Researchers Find Oral Medication Can Reduce Health Care Costs for Patients with Alcohol-Use Disorders

By Carolyn Pennington

Photo of Dr. Henry Kranzler

Dr. Henry Kranzler

Health Center researchers have found that oral naltrexone can reduce both alcohol- and non-alcohol-related health care costs for patients with alcohol-use disorders (AUDs). AUDs refer to both alcohol abuse and alcohol dependence and affect nearly 9 percent of the American population. The cost to patients and society in general is overwhelming due to the numerous medical, psychiatric, family, legal, and work-related problems associated with the disorder.

"We found that, prior to the start of the study period, individuals treated with naltrexone had higher health care costs than the group with an alcohol-related diagnosis but no naltrexone treatment," said Dr. Henry Kranzler, professor of psychiatry and the corresponding author for the study. "However, during the period after receiving the medication, the naltrexone group showed a significantly smaller increase in health care expenditures (both alcohol-related and non-alcohol-related) than the group with an alcohol-related diagnosis but no naltrexone treatment." In other words, oral naltrexone seemed to reduce health care costs for patients with an alcohol-related diagnosis.
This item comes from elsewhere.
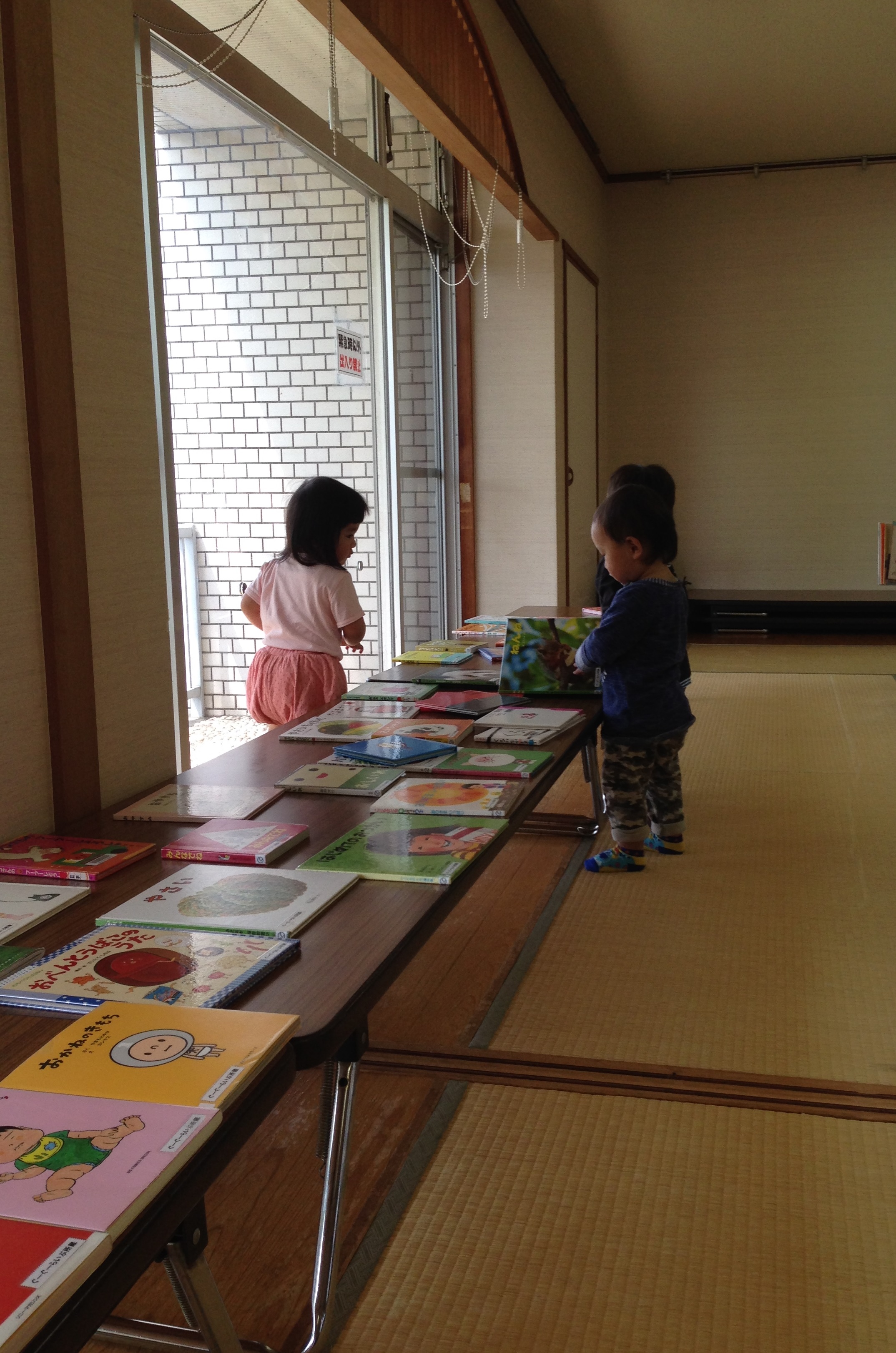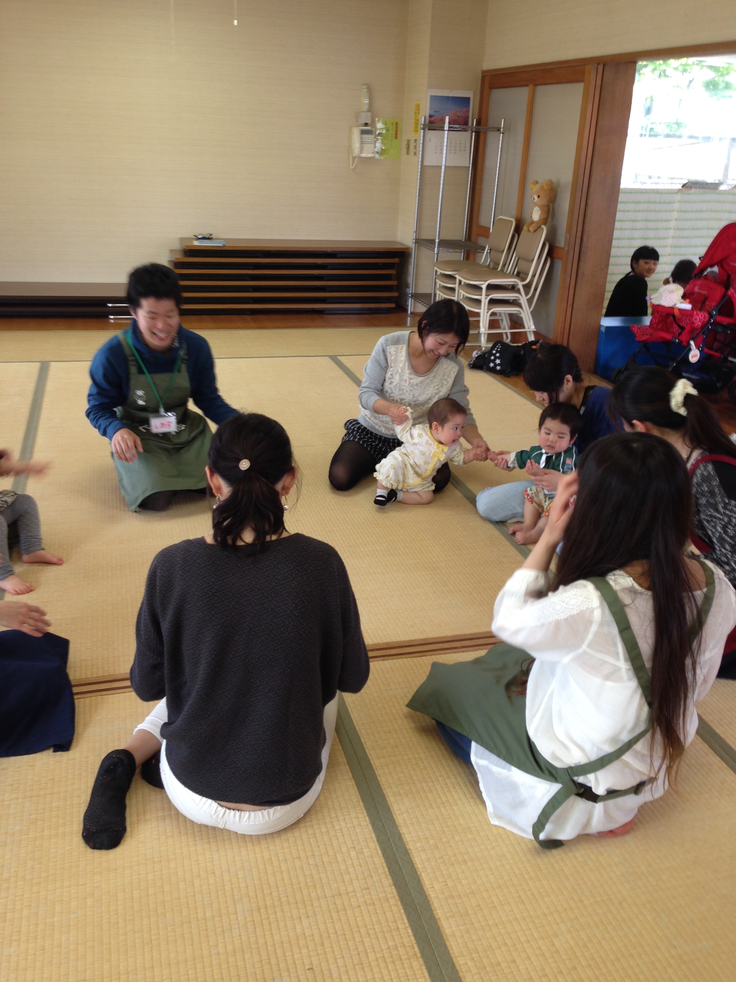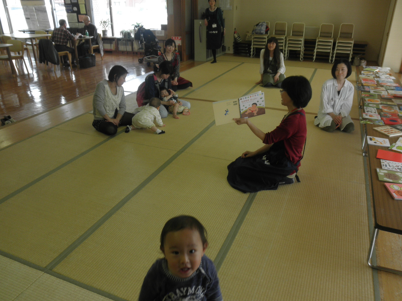 今日のおはなし会では、初めて私たちのおはなし会に参加された方もいらっしゃいました。初めて参加したあかちゃんは最初は場所見知りをしていましたが、だんだんと慣れてくると最後はスタッフに向かって「バイバイ」と手を振って帰っていきました。

Kranzler said these findings have implications for two groups. "I think that the greatest applications of these results are for health care policy makers, treatment-program managers, insurance companies, and health-benefits managers," he said. "They also show researchers that developments in treatment can pay dividends in cost savings."

Furthermore, he added, this study shows there is a common ground between effective treatment measures and cost-savings. "As a physician, I am interested in all treatments that can alleviate suffering and improve people's lives, however, I am also cognizant of the need to contain health care costs. This study suggests that an alcoholism treatment medication can help to contain health care costs and that wider consideration of the economic value of such approaches is warranted."

Results of the study will be published in the June 2010 issue of Alcoholism: Clinical & Experimental Research and are currently available at Early View.